Alone in the Texan desert, Annie Clark takes off her clothes and feels at one with her surroundings. She asks, “Am I the only one?”; the answer given back by this fourth St. Vincent LP is a resounding no. And much as isolation is not necessarily synonymous with loneliness, reaching out to others, both on the internet and in real life, in modern times is filled with risk and even absurdity to Clark’s mind. Out of touch with her surroundings, she stops sleeping and eventually jumps off London Bridge.
So, Hell is other people, but it’s a desire to connect above all else that consumes Clark on St. Vincent. Though whether it’s sanitised online avatars, the selfishness of self-absorbed lovers or her own trepidation, there are plenty of obstacles for her to overcome. Fulfillment evades Clark at all corners and that void is felt at the heart of this largely brilliant record. Lyrically forthright and musically unafraid, this is a pop album that sounds carefree but carries weight and reticence in its bones. ‘Digital Witness’ may laugh off social media’s attempts at chronicling life lived with a perma-smile, much as ‘Birth in Reverse’ approaches mortality with a wink and a masturbation joke to hand, but St. Vincent has teeth, and they’re very sharp.
‘Prince Johnny’ is a journey into heartbreak unto intself. Slowing the pace quite noticeably and furnished merely with a ghostly choir and a heavy ersatz beat, Clark’s voice on this ode to Peter Pan-as-manwhore reaches uplifting, angelic heights despite the song’s yearning disappointment. “I wanna mean more than I mean to you” is an all-too-common sentiment, communicated in this case with singular honesty as Clark watches on as Johnny eschews their seeming intimacy in favour of the public adulation he garners as the centre of attention.
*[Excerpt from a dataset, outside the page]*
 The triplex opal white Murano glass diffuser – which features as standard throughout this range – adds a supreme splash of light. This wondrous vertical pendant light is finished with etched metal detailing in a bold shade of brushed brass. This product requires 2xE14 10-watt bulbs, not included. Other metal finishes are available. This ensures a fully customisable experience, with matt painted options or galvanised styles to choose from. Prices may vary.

If nothing else, these missed connections and minor-key disappoints ensure that St. Vincent is entirely relatable. Publicity materials may see Clark in a cape and sporting a Spectoresque fro in bleach blonde, but the superficial changes hide something deeper. St. Vincent deals in the universality of disappointment and fear of loneliness at a time when the world seems noisier and more connected than ever.
‘Huey Newtom’ best contemplates that latter point while raging about the disconnect between worth and value in the digital age. With an alien synthline and Clark affecting a mindless drawl, its anger, at least initially, sounds foggy and displaced (such is the effect of baseless web-surfing), but by the time she spits out the words “Entombed in a shrine of zeroes and ones” the song has morphed into a roaring gospel-rock number with a distinctive, fuzzy guitar riff at its thrilling fore.
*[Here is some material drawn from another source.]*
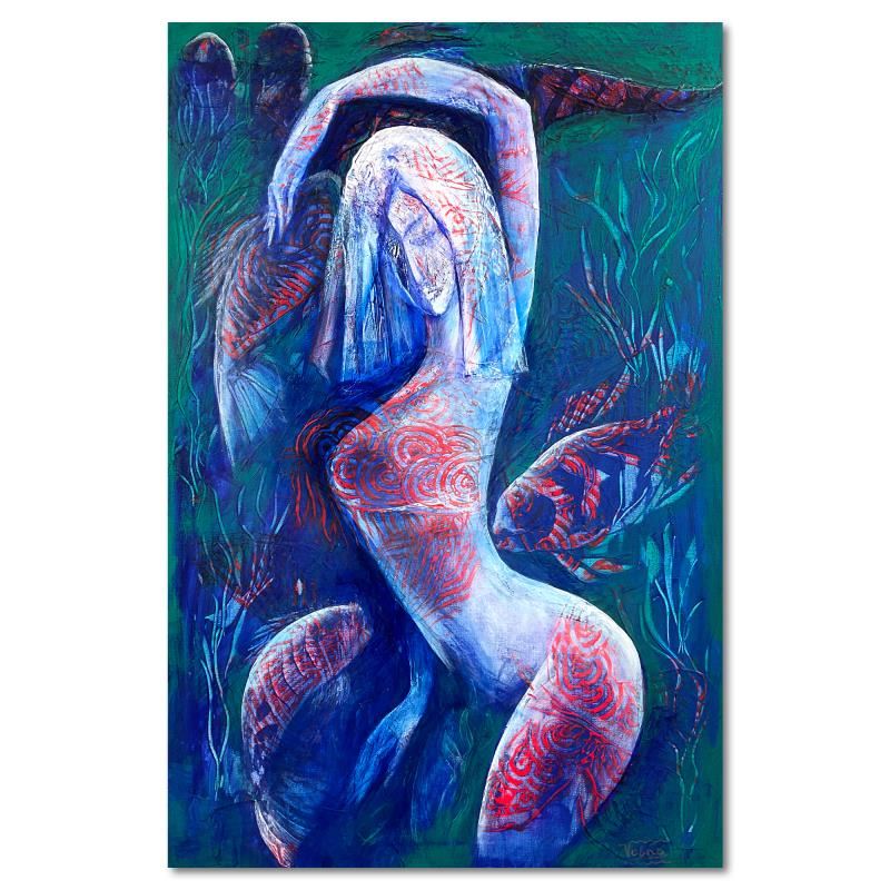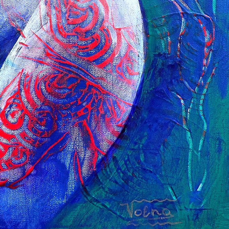 "Bright Eternity" is an original acrylic painting on stretched canvas by Nadia Volna, hand signed by the artist. This piece is painted with light-reactive black light paint that reveals brilliant colors when viewed under incandescent light. This piece comes with a blacklight flashlight (batteries not included). Includes Letter of Authenticity. Measures approx. 24" x 36" (image).

It’s true that the final four tracks see St. Vincent tail off a bit. Some are throwaway (‘Bring Me Your Loves’), others a bit derivative (‘Psychopath’ sounds like a less bratty YYYs), but their greatest crime is being forgettable in the company of far superior and engaging numbers. They pale in comparison to the songs mentioned above and suffer for their sequencing, coming after the album’s mid-section, which includes the draining, peerless ‘I Prefer Your Love’.
A ballad concerning Clark’s ailing mother, it is probably the most personal song St. Vincent has to offer and yet its the most transcendent. Part of that has to do with framing – a slow spectre of a mournful synth, a respectful, marching beat. It’s musically spare, allowing emotion to retain focus, and all that worry, fatigue and nostalgia for youth reaches the ear uninhibited and fully preserved.
St. Vincent should not be remembered as the album on which Annie Clark threw everything out and embraced electronic music. For one thing, that’s simply not true. It is a more a natural progression, a subtle reinvention, but this is the album when she decided to stop making sense of a world that refuses to, and she’s made all that frustration, confusion and sadness so entirely palpable that one can take solace in these songs and forget about the world at large.